Notes and Warnings#

Note

In the case of multiple sensitve attributes, two approaches can be considered:

  • Calculate the different properties for each sensitive attribute individually, and take the maximum or minimum as appropriate (for example, the minumum value of \(\ell\) for \(\ell\)-diversity and the maximum value for \(\alpha\) in the case of (\(\alpha\),k)-anonymity).

  • Calculate the different properties for each sensitive attribute individually but modifying the set of quasi-identifiers by adding to this set, in addition to the initial quasi-identifiers, all the sensitive attributes except the one under analysis. Then, as in the previous approach, the minimum or maximum of each parameter as appropriate is taken.

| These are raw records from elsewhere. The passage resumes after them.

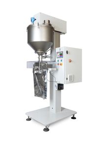 Dosificador de polvo, con soporte para bolsa preconfeccionadas. Control de dosificación por peso mediante células de carga.
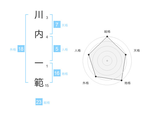 川内 一範さんの総格は23画の5点!
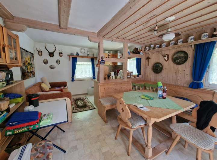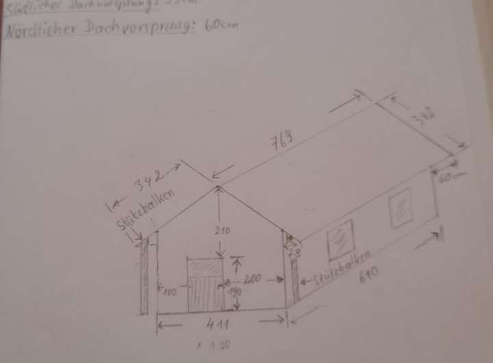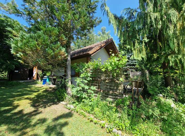 Das massiv erbaute Gartenhäuschen wurde Ende der 80er Jahren umgebaut und präsentiert sich heute als ein gemütliches und funktionales Wochenendhaus. Im Inneren finden Sie einen offenen Wohnbereich mit integrierter Küchenzeile, ausgestattet mit einem Gasherd zum Kochen. Das Haus wird beheizt durch einen Gaseinzelofen, während der Strombedarf über ein Stromaggregat gedeckt wird, auch eine SAT-Anlage ist vorhanden, diese kann ebenfalls über das Stromaggregat betrieben werden. Für eine nachhaltige Energieversorgung besteht die Möglichkeit Solarzellen auf dem Satteldach anzubringen und so umweltfreundlichen Strom zu erzeugen. Die große Terrasse lädt zum Verweilen im Freien ein und bietet einen schönen Blick auf das Grundstück. der Geräteschuppen aus Holz, auf Fundament errichtet, bieten ausreichend Stauraum für Gartengeräte und Zubehör. Im Anschluss an den Schuppen wurde ein WC angebaut, das an die vorhandene Abwassergrube angeschlossen ist. Zusätzlich steht eine Regenwasserzisterne mit 3.000 Liter Fassungsvermögen zur Verfügung.
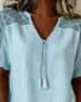 Top Versleten Denim Korte Mouw
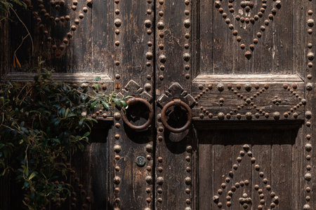 Close-up view of a rustic wooden door featuring antique hardware. This vintage entryway captures the charm of traditional architecture and craftsmanship.
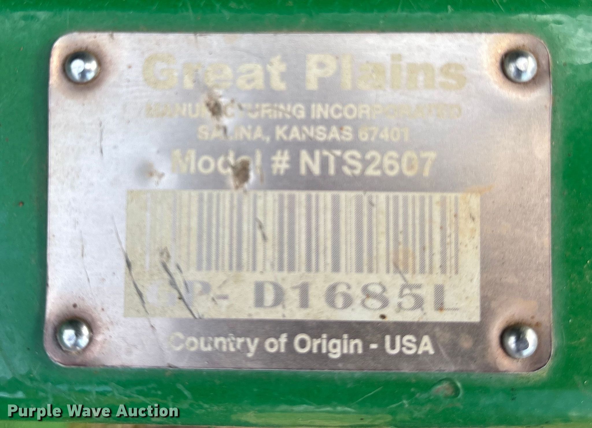 Purple Wave is selling a used Grain Drill or Seeder in Texas. This item is a 2021 Great Plains NTS2607 no-till seeder with the following: Width: 7', Row spacing: 8", Serial: GPD1685L
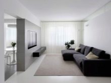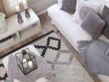 В скандинавските всекидневни можете да поставите тънък килим без влакна със светъл нюанс или да изберете кожа с мека дрямка и да я поставите не под мебелите, а само за ходене по нея, например между дивана и телевизора.
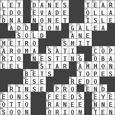 ACROSS 1. Allow 4. Natives or inhabitants of Denmark 9. Pull apart 13. Wedding promise 14. Elude 15. Spanish pot 16. Heredity factor (abbr.) 17. Music written for nine 18. Small island 19. Find the sum of 21. Electrically charged atom 22. An organ shaped like a helmet 24. Disposed of to a purchaser 26. A saturated hydrocarbon 27. Paris' subway 29. Stricken, poetically 30. Scent 31. Suttee (variant) 33. Police officer (slang) 36. _ de Janeiro 37. Nestling 40. Chief or king in Benin or Nigeria 41. Snakelike fish 42. Play the lead 43. ID or VA city 45. Stakes 47. Drinks excessively 48. Compass dir. 49. Redecorate 50. Wash lightly 52. Adept person 54. Conclusion 56. Immeasurably long periods of time 57. Gives food to 59. Sight organ 61. "Beetle Bailey" pooch 62. Indian princess (variant) 63. Compass dir. 64. Within a short period 65. Greek mythologigal hunter 66. Nine, plus one DOWN 1. Flaplike covering 2. Pulitzer Prize-winning author Ferber 3. Inedible or poisonous agaric 4. Lair 5. Shun 6. Billionth: prefix 7. Locale of original sin 8. Arrange properly for use 9. Bathroom 10. Otherwise 11. Silent film actress Nazimova 12. Actress Charlotte 20. Dormintory (informal) 22. Homeless child 23. Black tropical American cuckoo 25. Grant temporary use of 27. Female horse 28. One of the Great Lakes 29. Move through with a circular motion 31. Fast planes 32. "One Day ___ Time" 33. Piece 34. Mitch Miller's instrument 35. Baking dishes 38. First name in cosmetics 39. Yard entry 44. Method 45. Gillaume's butler role 46. Double-curved letter 49. Cowboy competition 50. Printing process, for short 51. To the inside or interior of 52. Lightbulb-shaped fruit 53. Painter Guido (1575-1642) 55. Unit of force 56. Greek goddess of the dawn 57. From 58. Elected rep. 60. Car or cant ending
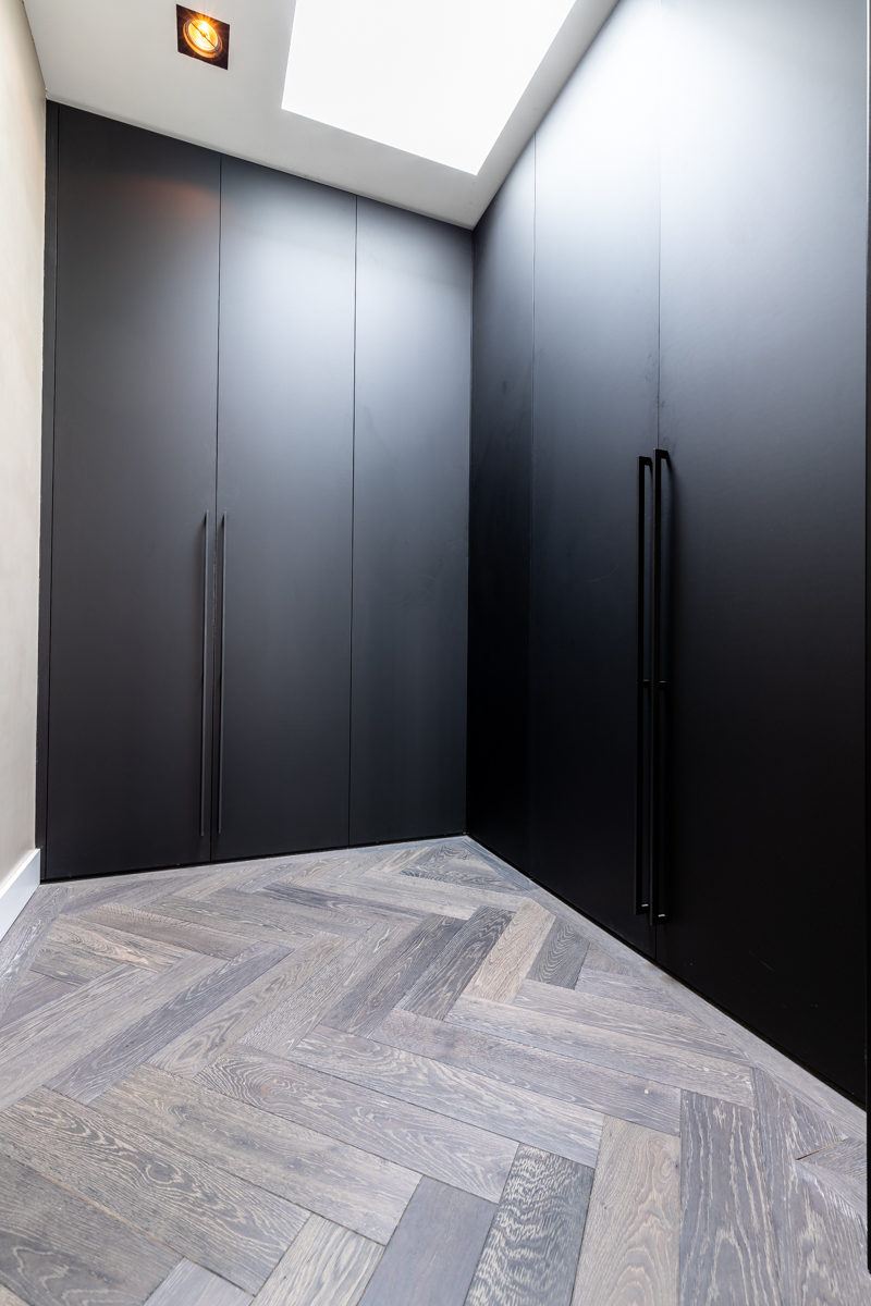 Een wens die wij steeds vaker mogen vervullen, het plaatsen van een visgraat vloer in een stoere donkere kleur!

It is important to note that since the set of quasi-identifiers is updated each time the calculations are made for each SA, the computational cost is much higher in this case.

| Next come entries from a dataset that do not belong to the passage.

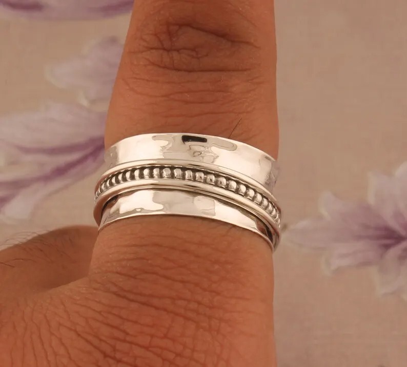 Solid 925 Sterling Silver Handcrafted Distressed Scratches Design Spinner Ring This Handmade Sterling Silver Spinner Ring is a perfect blend of artistry and functionality. Crafted by skilled artisans, each ring features a stunning textured band with unique, distressed scratches that give it a rustic, one-of-a-kind appearance. The spinner mechanism allows the outer band to rotate freely, making this ring a great choice for those seeking a soothing, tactile experience—whether you're wearing it as a worry ring , fidget ring, or simply for its bold, modern aesthetic . Features: Handcrafted with Love : Made from high-quality, solid sterling silver for a durable and timeless piece that will last. Unique Design : The outer band features distressed textures and scratches , giving each ring a distinct, organic feel. No two rings are alike! Spinner Mechanism : The inner band moves smoothly around the outer band, perfect for those who enjoy a calming, tactile sensation. Customizable Fit : Available in a range of sizes to ensure the perfect fit. The ring is made to comfortably slide over your finger, and the spinning feature adds extra fun and function. Versatile Wear : Ideal for daily wear, this ring is a great addition to any jewelry collection. It also makes a thoughtful gift for anyone who enjoys handmade jewelry , unique designs , or needs a soothing, tactile distraction. Perfect For: Those who love artisan-made jewelry with personality A personalized gift for birthdays, anniversaries, or special occasions Fidget or worry rings to help reduce stress and anxiety Anyone seeking a stylish and functional ring with a bit of movement Sizing: Please refer to the size chart to choose your perfect fit. If you're unsure, we recommend ordering half a size larger, as spinner rings tend to fit more snugly than standard bands. Custom sizing requests can be accommodated—please message us with your specific requirements. Care Instructions: To keep your sterling silver ring looking its best: Clean gently with a silver polishing cloth to remove tarnish. Avoid exposure to harsh chemicals or excessive moisture. Store in a jewelry box or pouch to prevent scratches. Shipping & Returns: Free shipping within the U.S. and international shipping available. Fast processing time—your order will be shipped within 1-2 business days. 30-day returns for a full refund or exchange, no questions asked. Note: Due to the handmade nature of this ring, slight variations in texture and appearance may occur, making each piece completely unique. This adds to the charm and individuality of your jewelry!
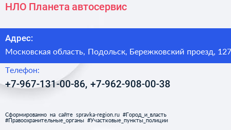 НЛО Планета, автосервис по адресу Московская область, Подольск, Бережковский проезд, 127 в дальнейшем Организация, размещена в следующих категориях:
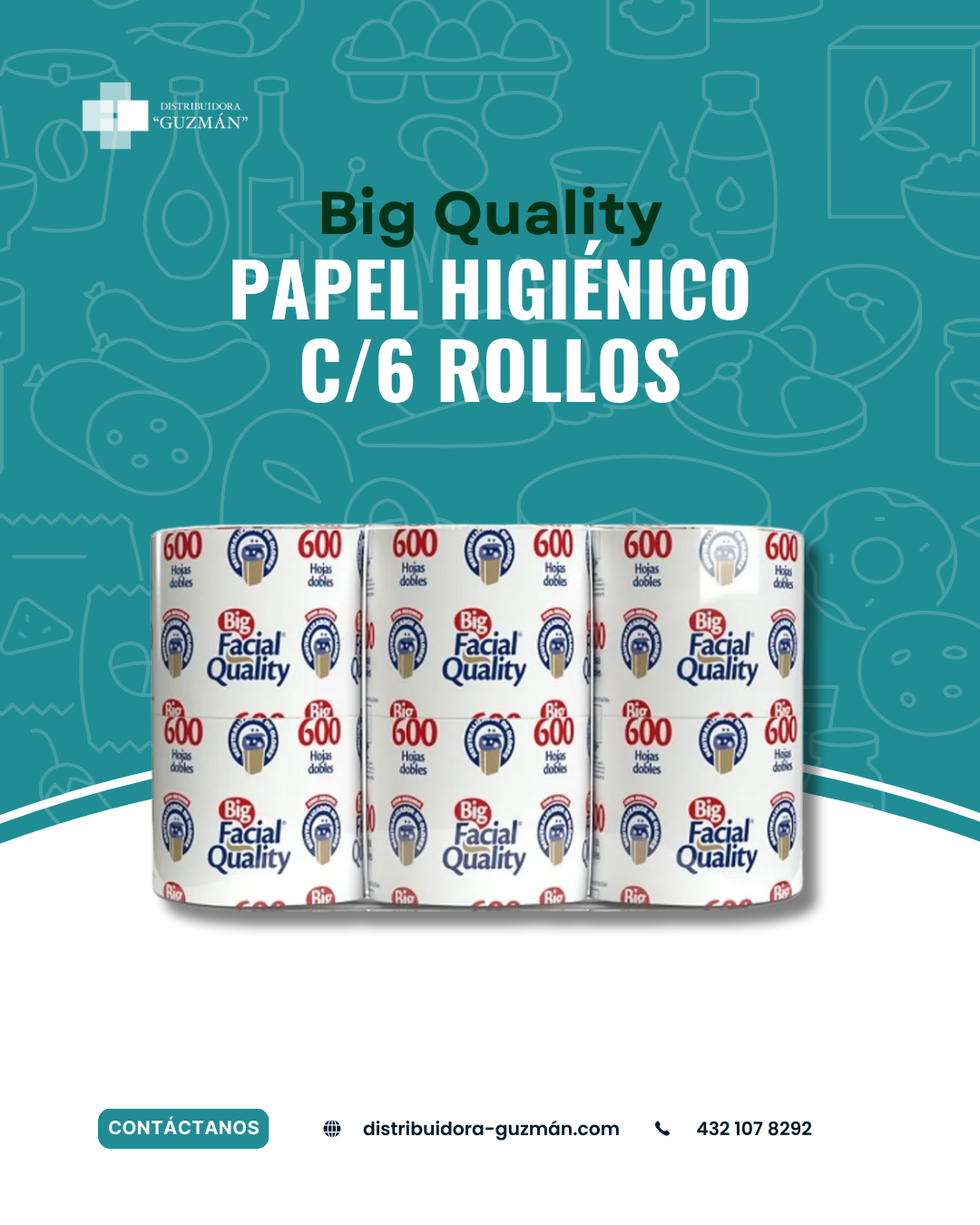 Papel Quality C/6 es un producto de calidad para el hogar. Presentación: C/6. Disponible con Distribuidora Guzmán para surtido de misceláneas, tiendas de abarrotes y autoservicios en Guanajuato.

Specifically, in order to address this challenge, a parameter gen is introduced in all functions except k-anonymity (not applicable). If gen=True (default value), the process of the first approach is followed: generalizing. Otherwise, the second approach is followed, updating the quasi-identifiers.

Warning

It’s important to take into account that the values of t and \(\delta\) for t-closeness and \(\delta\)-disclosure privacy respectively must be strictly greater than the ones obtained using pyCANON (see the definition of that techniques).